# Yeah-no [+ yeah-nah]



## ewie

The plague currently raging across England is the very weird sentence-starter _Yeah-no_.  I hear it umpteen times a week, from _all_ sections of the E-English-speaking community.  It doesn't need to be in answer to a Yes/No question: as often as not it's just a 'noise' made to start _any_ sentence, where we might previously have said _Well_ or _Erm_ or nothing at all.
I suppose it's another of those excruciating self-effacing things we do in speech all the time _("Would you mind terribly stopping stabbing me? ~ it does rather hurt, you know")_.  I'm sure the people who say it can have no conception of just how daft it sounds.
Anyway, I was just wondering if: (1) anyone else in England has noticed it ~ if you've not heard it yet, listen out for it: I can guarantee you'll hear it within 48 hours; and (2) it's been spotted anywhere _outside _England.


----------



## suzi br

I've heard it.  

Sure it is a filler like erm, not got any meaning apart from "give me time to formulate my real response"!


----------



## ewie

suzi br said:


> Sure it is a filler like erm, not got any meaning apart from "give me time to formulate my real response"!


 Not _always_ though, Suze: sometimes it genuinely is supposed to convey the idea of 'yes' ... but without the horrible 'arrogance' that that word bears


----------



## Loob

I haven't noticed it myself yet, ewie, though I'm bound to now you've pointed it out....

That said, it seems to have attracted the attention of academics already: see this Mark Liberman Language Log entry. 
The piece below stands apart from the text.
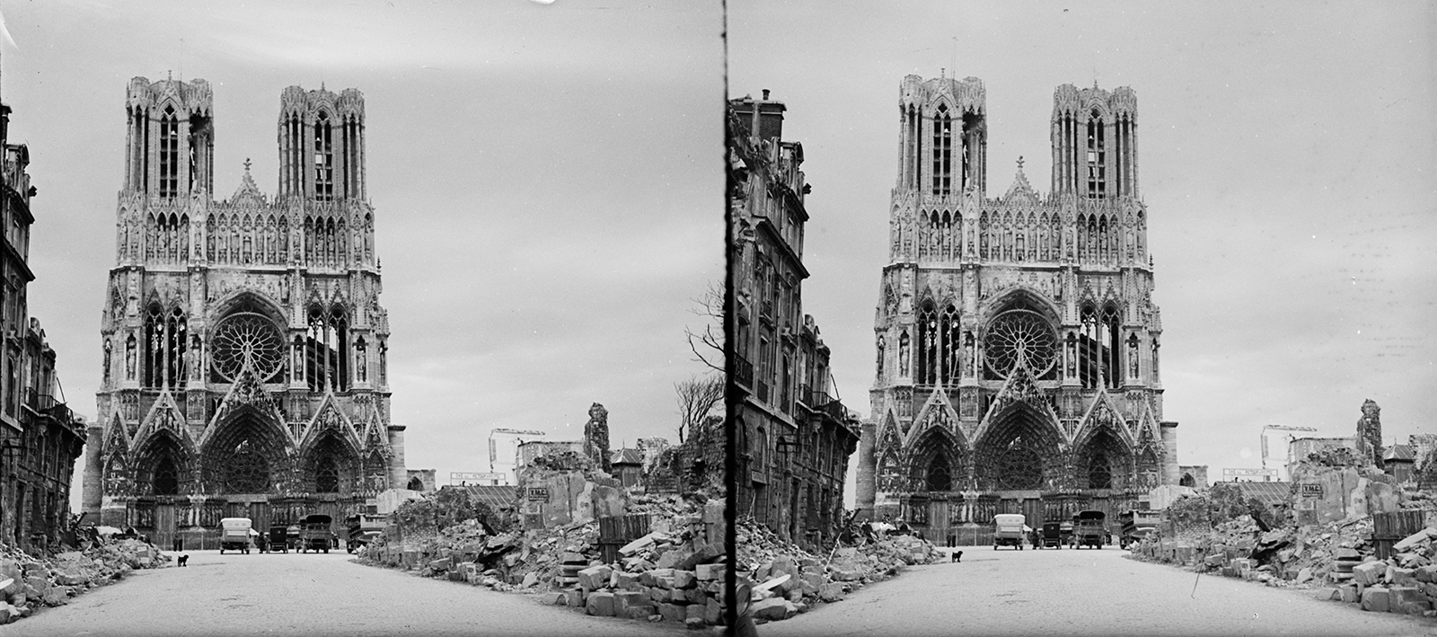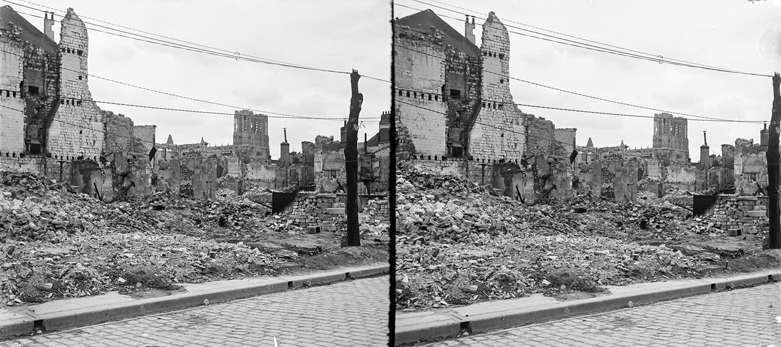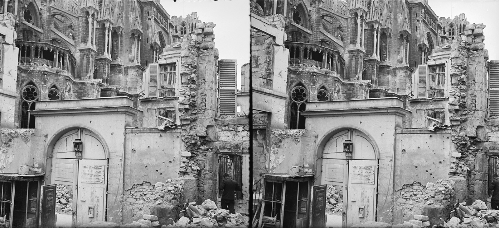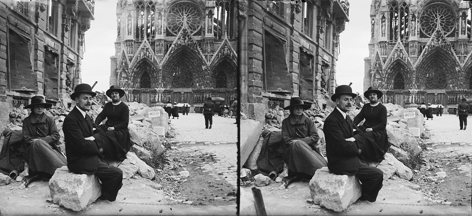 This set focuses on Reims after its bombardment during the Great War, and was almost certainly taken during the War. I make the latter assertion based on two things – the equestrian statue of Joan of Arc, which was removed after the bombardment and later fire, is not present, and the rubble is far from cleared up (as it was by 1919). The post on A.O. Fasser’s set from Reims confirms some of this. And yet, we already see ruins tourism in action here – people walking about the ruins, even selling souvenir postcards outside a shoppe next to bombed out buildings. Even before the defeat of the Germans, people were visiting – and documenting – the aftereffects of the war.
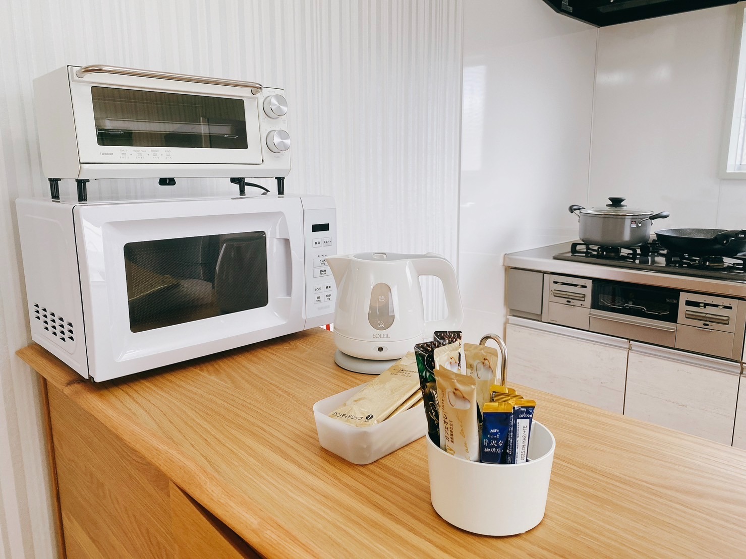 テレビ、インターネット接続(無線LAN形式)、冷蔵庫、ドライヤー、石鹸(固形)、シャンプー、ハミガキセット

It looks as though it might have arrived here from Australia - the link quotes this from 2002:_Yeah-no_ in Australian English is a relatively new marker which  serves a number of functions, including discourse cohesion, the  pragmatic functions of hedging and face-saving, and assent and dissent.  Drawing on a corpus of approximately 30 hours of both informal  conversation and interviews, we analyse the interaction between  intonation and turntaking, and the use of _yeah-no_ by topic, conversational genre, and age and gender of speaker. The results indicate that the peak of _yeah-no_ production occurs among speakers aged 35-49 years, and gender differences are not apparent in this preliminary analysis.​


----------



## Inglip

Are you sure they are not saying _you know?_

I know my friends would say to me when I was in England - You know, we should go play football in the park.

<< ... >>


----------



## ewie

Loob said:


> That said, it seems to have attracted the attention of academics already: see this Mark Liberman Language Log entry.


Ooh! great find, Mrs ~ ta


Inglip said:


> Are you sure they are not saying _you know?_


No, definitely not, Inglip: the 'eh' sound is very distinct


----------



## Inglip

It still could be - The way people from my town speak, they sometimes say 'you' to sound like 'yeah'.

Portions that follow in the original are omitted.